Microsoft-IDC report: huge growth in cloud jobs

Brian Bloom is a staff writer at ComputerWorld Canada. You can find him on Google+. He covers enterprise hardware and software, information architecture and security topics.

Cloud computing will create almost 14 million jobs around the world — including more than 70,000 in Canada — by 2015, according to an IDC report commissioned by Microsoft Corp.

The research company reported that IT departments are spending around three-quarters of their budgets just keeping their infrastructure up and running. But John Weigelt, national technology officer at Microsoft Canada Inc.,  says the move to the cloud will give Canadian companies, from startups to large enterprises, the business “agility” they need to focus on their mandate with less strain on their IT budgets.

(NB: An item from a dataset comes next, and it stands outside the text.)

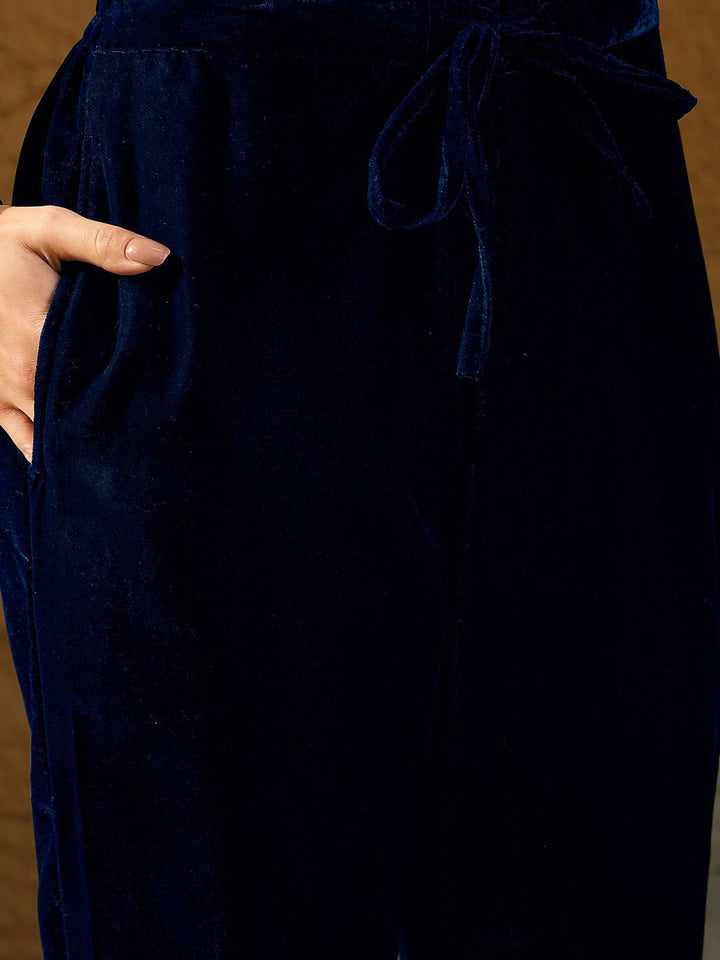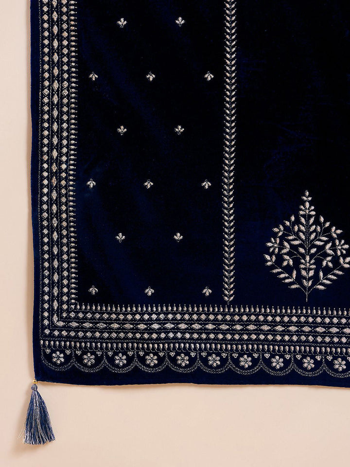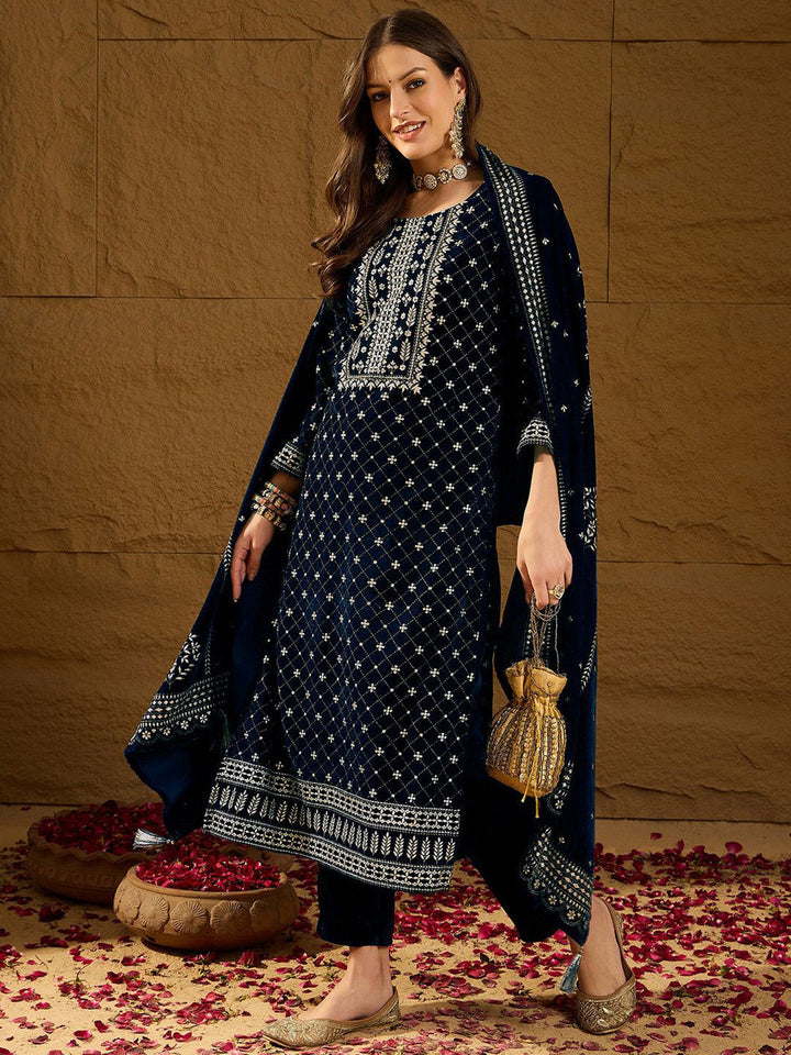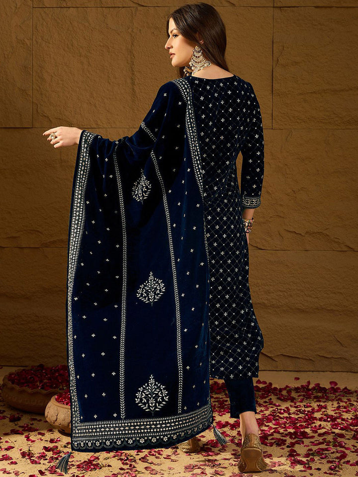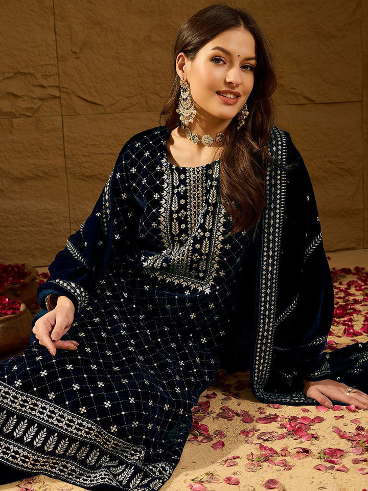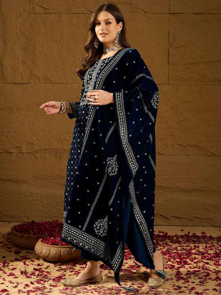 Embroidered Velvet Straight Kurta With Trousers And Dupatta

“I don’t have to wait to buy hardware. I don’t have to wait to provision my applications. I can simply,  almost at the flip of a switch, turn that capacity on and make use of that service,” he says.
 
Like almost all IT suppliers, Microsoft has a cloud strategy for its products.
The technology behind cloud computing is becoming increasingly sophisticated, Weigelt said in a briefing for IT World Canada reporters on the report, but cloud services should be seen more as freeing people from the burdens technology places on them rather than as adding more complexity into our lives.
“A lot of times, we focus only on the technology,” he says, “but really it transforms how we see business as happening … how business manages their compute resources.”
 
Many people aren’t even particularly familiar with what “cloud” truly means, yet they constantly enjoy the benefits it provides, adds Weigelt. “We use the cloud all the time and we don’t see it in our day-to-day lives. It’s become really transparent to us.”
On a global scale, the move to the cloud is a major economic transformation, he says, which goes “much beyond just technology, across industries and across businesses.”
Some businesses, like new startups, are often inclined to jump right in. By contrast, larger, more established enterprises such as financial institutions and government departments, are more cautious about migrating their legacy systems to a cloud platform.
But Weigelt says this one of the great opportunities cloud computing provides: using only the right tools for the right job.
 
“It’s not an all-or-nothing conversation,” he says. Banks, for example, could keep their backend workhorses — mainframes — while incorporating other parts of their infrastructure into a private cloud, he says.

Innovation in cloud computing also makes Canada more competitive, he adds, giving Canadian companies “not only that reach across Canada but also, I would argue, that global reach.”